Sunday, March 21, 2010
Maricón
Puta, hay bastantes gringos maricones en el país, ¿verdad?
Which translates to: Damn, there are a lot of Gringo fags in the country
My blood freezes, then boils. I want to say something, scream something, lash out, but I decide to pretend I do not understand Spanish. Somehow I find dignity in my feigned ignorance. I calmly rinse the soap from my hands, and leave the restroom.
Now let me back track a little bit. I have been in San Salvador, the capitol city, for about a week. I came in on Monday to meet with the doctors about my asthma, and they still have not authorized me to leave. Apparently I only use 80 percent of my lung capacity when I breathe. I feel fine, probably because I have lived with asthma my whole life, but the doctors want to see if they can improve my lungs. So, here I am with two days worth of clothes trying to make my volunteer budget last over an unexpected week in the capitol. Which leads me to Wednesday, the day of the gringo fag incident.
On Wednesday I decided to go see a theatre production in a Central American Theatre Festival. I was super excited to see some performance art. It has been about eight months since I have seen any form of theatre, dance, or musical performance, and I was praising my luck for being in San Salvador at the same time as a Theatre Festival. The theatre is inside of the Metro Centro mall, a shopping center catering mostly to middle class Salvadorans. There I was, washing my hands in the Metro Centro food court bathroom, when it happened.

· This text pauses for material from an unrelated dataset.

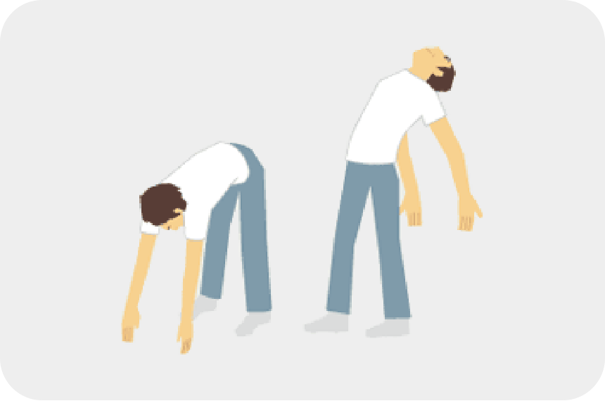 両足を肩幅より少し広く立ち、上体をゆっくり前に倒します。次いでゆっくり起こしていき、軽く腰を反らし、胸を張ります。

It was the first time anyone had ever directed hate speech at me, and it hit me like a slap to the face. The word in itself did not bother me so much as the situation. Maricón is such a common word to hear. Just yesterday, I was waiting at a busy bus stop, idly watching a family of street vendors. They had an assortment of pirated movies sprawled out on the hot sidewalk. A little boy in the family was playing among the movies with his sister and somehow got glitter on his face. His mother notices and scolds, Mira como andas bien maricoñado con brillo en la cara. Brillo no es para niños varones. (Look how you are all fagged-out with glitter on your face. Glitter is not for little boys.) I frown. The mother notices me and sends a knowing smile, thinking I frown at the atrocity of a little boy with glitter on his face. A vast chasm of difference stretches between my dismay at witnessing the creation of gender roles in a machisto culture and the mother´s smile. The point is maricón is a word I am more or less accustomed to now. I am not accustomed to having it directed at me, nor to hearing it in the capitol.
I come to San Salvador to relax, to be myself, let down the act I put on in my community, to wear V-necks if I feel like it. I always imagined San Salvador as a safe zone for my identity, a place where I can be the Eric I was in the States - go out dancing, watch theatre, see movies in English, openly consume alcohol, sit in cafes with my legs crossed. Wednesday I had a major reality check. Even though San Salvador is significantly more cosmopolitan and diverse than my rural home, it is still in El Salvador and subject to all of the biases and prejudices that exist in the culture. It was a very sobering experience.